Everyday aggressions only further Canada’s xenophobic policies like the most recent measures. Scapegoating, stereotyping, and paranoia benefit the most privileged Canadians and affirm right-wing extremists while the rest of us suffer.
What does it say when Canada prosecutes COVID patients, like the Ajax couple, for withholding exposure information while outbreaks continue in workplaces deemed “essential”? What does it mean when the federal government threatens travellers with isolation in undisclosed “designated government facilities” while human rights are eroded inside Canada’s prisons and shelters? Or even when Canada hires private security companies to police returnees while their neighbours go hungry and face eviction?
Unfortunately, many Canadians have not asked such questions. For one, the country’s xenophobic stance comes as a welcome change for the at least 40% of Canadians who view immigration as a threat. But COVID-related xenophobia does not only belong to conservatives. Canadians of all political persuasions — even/especially white progressives — now unite in fear of the foreign while benefitting from imported labour.
Polite xenophobia is all too common in Canada during COVID. Polite xenophobia looks like a Black Lives Matter sign on the front lawn, dozens of Amazon orders a week filled by exploited BIPOC workers, and a sigh of relief for Trudeau’s January 29th announcement. Polite Canadian xenophobia forgets that, in its own borders, live millions of dual nationals whose right it is to travel between home countries — dual nationals who are otherwise celebrated for contributing to Canada’s multicultural mosaic.
The new normal exposes the limits of Canadian multiculturalism. Take, for example, the temporary suspension of all flights to and from Mexico and Caribbean countries to “protect Canadians.” In this order, the Canadian government makes clear who they count as true Canadians: respectable, pale-skinned citizens with no reason to leave Canada. Noticeably absent are the millions of Canadians for whom Mexico and the Caribbean are home, not merely “sun” destinations, and dual nationals for whom travel may be essential.
Looking in the mirror
In fear of diminishing the severity of the deadly virus, many of us have kept silent about Canada’s polite xenophobia. There is a distinct difference, however, between anti-maskers risking lives and anti-xenophobes combatting systemic oppression.
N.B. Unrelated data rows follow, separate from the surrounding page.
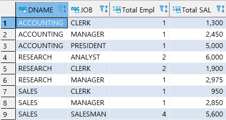 SELECT DNAME, JOB, COUNT(*) "Total Empl",SUM(SAL) "Total Sal"FROM EMP,DEPT WHERE EMP.DEPTNO =DEPT.DEPTNO GROUP BY DNAME,JOB
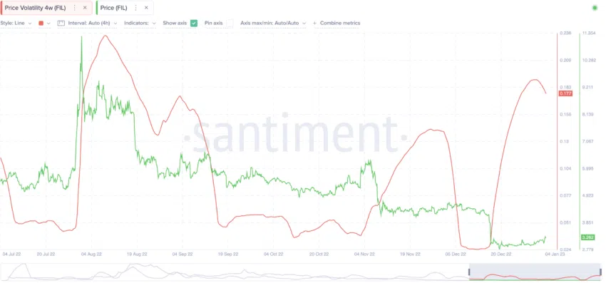 ความผันผวนของ FIL นั้นถึงไปจุดสูงสุดในช่วงต้นเดือนสิงหาคม 2022 หลังจากนั้น เราก็เห็นราคาลดลง หลังจากนั้นราคาก็ลดลงทุกครั้งที่ตัวชี้วัดความผันผวนไปถึงจุดสูงสุดที่ต่ำลง อย่างที่คุณได้เห็น ความผันผวนของ FIL กำลังเพิ่มขึ้น ซึ่งอาจจะทำให้ราคาลดลงในระยะสั้น
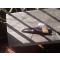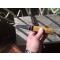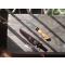 Très joli Puukko d'Artisan ,pièce unique,jamais servi ,comme neuf. Longueur de lame 8cm.pas de marquage.Une partie de la lame est brute noire.Longueur de lame 8cm.Epaisseur de lame3mm. Garde Hammered Nickel Silver ,martelé du côté de la lame .Manche avec intercalaires .Longueur totale 20,6cm. Fourreau en cuir épais de qualité.Regardez les photos,posez des questions retours refusé
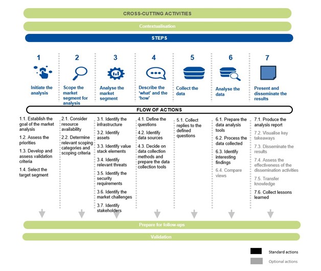 Ma non è tutto. Il quadro in parola comprende sette step volti a guidare gli analisti nell’esecuzione di un’analisi del mercato della cyber security:
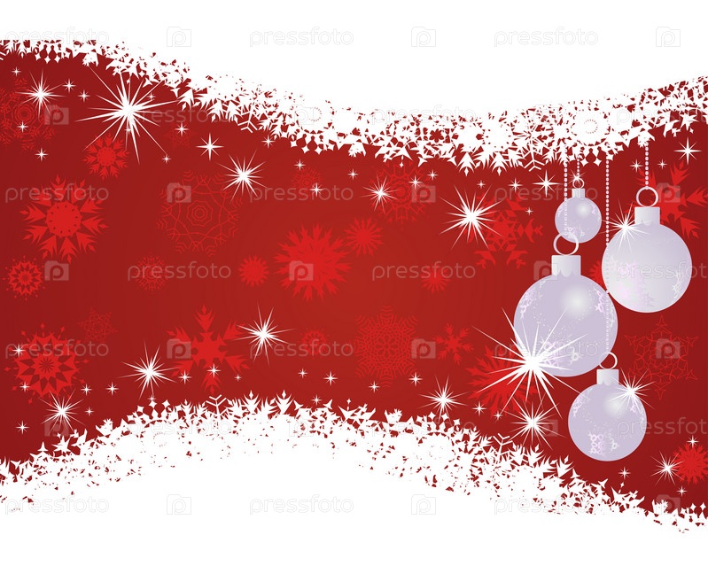 Новогодняя иллюстрация с елочными шарами и снежинками на красном фоне

Canada’s COVID response marks an alarming disregard to social determinants of health on behalf of all levels of government. In spite of popular calls for socially responsible approaches to the pandemic, Canada continues to invest in police, prisons, and unfair labour. These are violent tools that endanger entire communities, as Black Lives Matter, Status For All, and Indigenous sovereignty movements have taught us.
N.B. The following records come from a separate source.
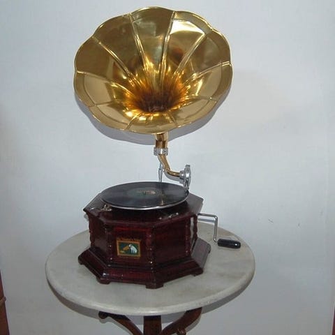 Dekorativ tetro grammofonen spiller bare musikken på vinylopptaket (ikke-flyttbart) som følger med (lavkvalitetslyd).
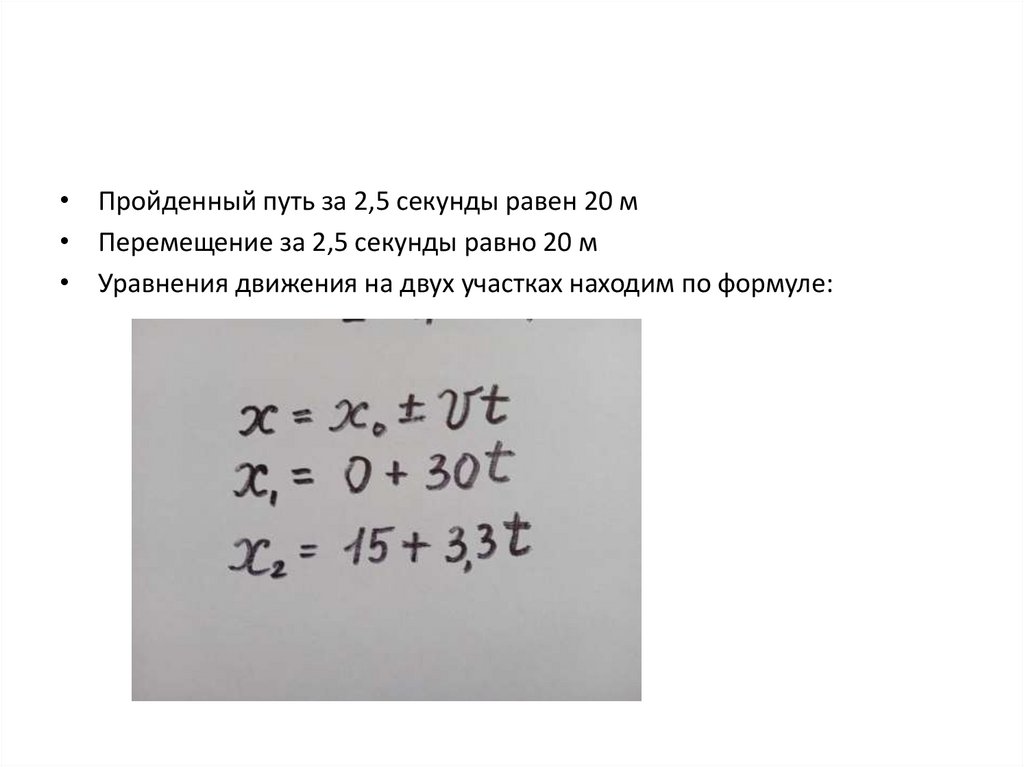 • Пройденный путь за 2,5 секунды равен 20 м• Перемещение за 2,5 секунды равно 20 м
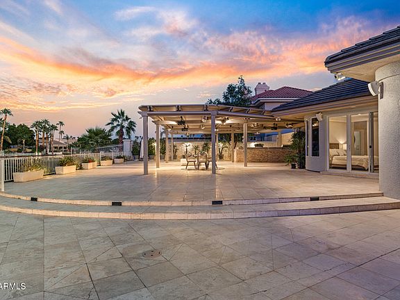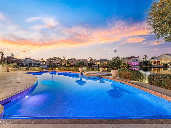 Experience lakefront luxury in the exclusive gated community of West Lake Estates at Val Vista Lakes. This modern contemporary estate offers 7 bedrooms, 8.5 bathrooms, and a 3-car garage on an oversized corner lot with captivating water views. A grand entry foyer with soaring ceilings welcomes you to interiors featuring tall bay windows framing breathtaking lake views, herringbone tile flooring, plantation shutters, quartz countertops, a waterfall island, Wolf appliances, and three Sub-Zero refrigerators—one in the kitchen and two in the catering room. Designed for refined living, the home includes a private elevator, home theater, game room with sliding glass doors, 50-bottle wine room with humidor, and an elegant primary suite with a built-in projector screen. Outdoors, enjoy year-round outdoor living with a circular driveway in front, saltwater pool and swim-up bar, outdoor kitchen, firepits, gazebo, outdoor bathroom, misting and heating systems, and remote-controlled shadesall overlooking the tranquil lake. Premier location near freeways and upscale shopping and dining at Dana Park.
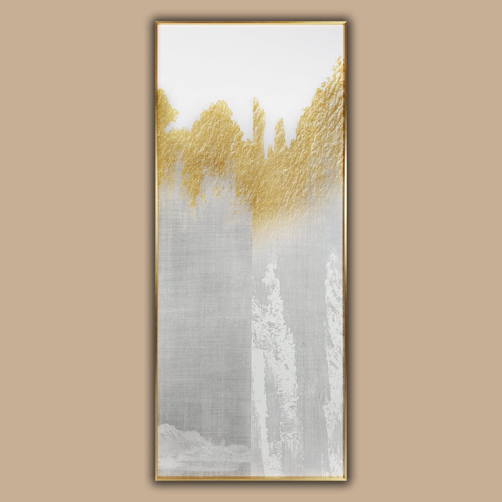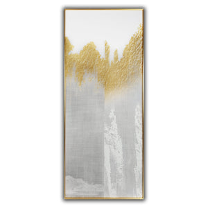 Surround yourself with the timeless elegance of this gold-framed contemporary artwork. Crafted with 3D texture, this work exudes a luminosity that immediately captures the eye. The abstract format takes center stage, forming an intricate mixture of shapes and textures reminiscent of mid-century modern aesthetics.

In the fight against COVID, we are safer when popular demands for social responsibility are met: frontline workplace safety; paid sick leave and universal basic income; eviction moratoriums and decent housing; and immigration status for all. As these demands are satisfied, so will be the social determinants of health.
If Canadians want to eradicate COVID as urgently as our situation demands, it is time to look in the mirror. By refusing xenophobia, we can focus on dire public health threats within our own society.